The university’s investment in the equipment and training has created a model for restoring campus activity around the U.S. and the world. With the capacity building and infrastructure in place, Ranoa foresees that the same technology and protocols for processing saliva can be used for the diagnosis of other diseases such as cancer. “The university already invested in all of these PCR machines.” says Ranoa. “What are you gonna do with those after COVID?”

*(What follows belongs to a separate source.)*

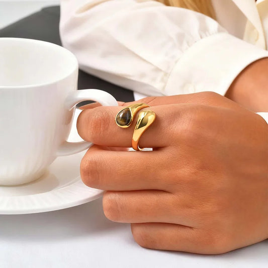 Women's Fashion Jewelry 201 Stainless Steel Vacuum Electroplated 18K Real Gold Geometric Pattern Water Drop Tiger Eye Stone Ring Gold

In addition to the vaccine rollouts continuing around the world, constant, reliable information, through testing, will be key to developing plans to re-open campuses, and with it, the experiences that have been lost — like onsite graduations and other social gatherings.
“I take the bus from when I go home to work and back,” says Ranoa. “The bus route takes me through the soccer fields, the football fields, the volleyball fields and everytime I see students that are able to get out and play. To be able to see the students enjoy a 'normal life' during the height of the pandemic, that was a very rewarding feeling for me. The saliva test helped make that happen.”
***Erratum: An earlier version of the article erroneously stated that Ranoa is a fellow at University of California Urbana Champaign instead of University of Illinois Urbana Champaign. We apologize for this oversight.